(Records from a collection)
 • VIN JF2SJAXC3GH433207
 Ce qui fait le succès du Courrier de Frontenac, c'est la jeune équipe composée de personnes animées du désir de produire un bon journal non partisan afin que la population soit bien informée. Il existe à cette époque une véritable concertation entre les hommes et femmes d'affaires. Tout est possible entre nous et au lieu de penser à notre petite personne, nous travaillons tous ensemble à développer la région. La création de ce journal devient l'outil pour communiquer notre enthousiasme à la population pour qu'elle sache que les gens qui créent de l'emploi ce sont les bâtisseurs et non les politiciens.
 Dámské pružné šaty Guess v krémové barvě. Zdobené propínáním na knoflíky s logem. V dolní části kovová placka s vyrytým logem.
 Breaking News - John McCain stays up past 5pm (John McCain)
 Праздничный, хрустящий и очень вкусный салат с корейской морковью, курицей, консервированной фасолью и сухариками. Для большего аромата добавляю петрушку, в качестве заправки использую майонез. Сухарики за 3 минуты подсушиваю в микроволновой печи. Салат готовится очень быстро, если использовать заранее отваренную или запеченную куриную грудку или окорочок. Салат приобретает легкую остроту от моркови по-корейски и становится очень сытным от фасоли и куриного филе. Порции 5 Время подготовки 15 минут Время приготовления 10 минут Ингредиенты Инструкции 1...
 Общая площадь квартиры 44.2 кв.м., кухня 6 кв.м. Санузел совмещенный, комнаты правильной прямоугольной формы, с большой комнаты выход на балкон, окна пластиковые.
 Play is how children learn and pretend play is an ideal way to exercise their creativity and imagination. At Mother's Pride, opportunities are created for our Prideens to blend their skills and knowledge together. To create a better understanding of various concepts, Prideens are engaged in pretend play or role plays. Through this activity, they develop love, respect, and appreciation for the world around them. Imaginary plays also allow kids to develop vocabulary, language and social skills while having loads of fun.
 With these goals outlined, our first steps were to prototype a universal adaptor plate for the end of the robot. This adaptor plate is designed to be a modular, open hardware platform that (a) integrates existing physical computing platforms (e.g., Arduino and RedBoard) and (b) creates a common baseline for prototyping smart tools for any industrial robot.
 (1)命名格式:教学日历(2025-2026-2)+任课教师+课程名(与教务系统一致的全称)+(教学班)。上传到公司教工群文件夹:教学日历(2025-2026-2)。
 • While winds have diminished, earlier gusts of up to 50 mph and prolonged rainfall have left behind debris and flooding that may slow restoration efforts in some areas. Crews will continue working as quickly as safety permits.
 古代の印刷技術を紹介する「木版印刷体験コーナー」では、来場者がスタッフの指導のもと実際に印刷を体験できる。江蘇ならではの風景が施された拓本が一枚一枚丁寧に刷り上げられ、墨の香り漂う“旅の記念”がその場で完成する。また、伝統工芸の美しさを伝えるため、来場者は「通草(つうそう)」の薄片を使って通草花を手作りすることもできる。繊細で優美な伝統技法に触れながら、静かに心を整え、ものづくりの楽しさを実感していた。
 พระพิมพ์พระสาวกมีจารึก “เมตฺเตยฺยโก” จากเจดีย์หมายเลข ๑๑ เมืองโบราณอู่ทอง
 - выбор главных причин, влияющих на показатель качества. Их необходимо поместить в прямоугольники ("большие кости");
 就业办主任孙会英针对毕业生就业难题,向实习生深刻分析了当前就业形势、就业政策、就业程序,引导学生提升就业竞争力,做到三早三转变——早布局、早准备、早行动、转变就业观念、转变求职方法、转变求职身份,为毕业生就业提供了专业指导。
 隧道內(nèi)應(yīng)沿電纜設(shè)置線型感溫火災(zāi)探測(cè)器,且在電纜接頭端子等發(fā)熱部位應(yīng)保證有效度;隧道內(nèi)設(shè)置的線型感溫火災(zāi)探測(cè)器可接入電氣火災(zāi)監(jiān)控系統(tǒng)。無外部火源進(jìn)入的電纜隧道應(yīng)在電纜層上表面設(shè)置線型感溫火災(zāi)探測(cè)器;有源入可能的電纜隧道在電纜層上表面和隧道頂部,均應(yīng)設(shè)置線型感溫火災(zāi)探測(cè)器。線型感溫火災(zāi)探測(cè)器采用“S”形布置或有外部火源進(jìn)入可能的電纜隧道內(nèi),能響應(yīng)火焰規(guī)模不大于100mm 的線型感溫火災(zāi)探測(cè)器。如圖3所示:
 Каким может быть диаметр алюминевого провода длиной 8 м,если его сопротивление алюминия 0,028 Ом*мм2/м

* _Exercise requirements_: Which lines above include the word "that"? Return each one.

* _Answer space_:
 With these goals outlined, our first steps were to prototype a universal adaptor plate for the end of the robot. This adaptor plate is designed to be a modular, open hardware platform that (a) integrates existing physical computing platforms (e.g., Arduino and RedBoard) and (b) creates a common baseline for prototyping smart tools for any industrial robot.
 • While winds have diminished, earlier gusts of up to 50 mph and prolonged rainfall have left behind debris and flooding that may slow restoration efforts in some areas. Crews will continue working as quickly as safety permits.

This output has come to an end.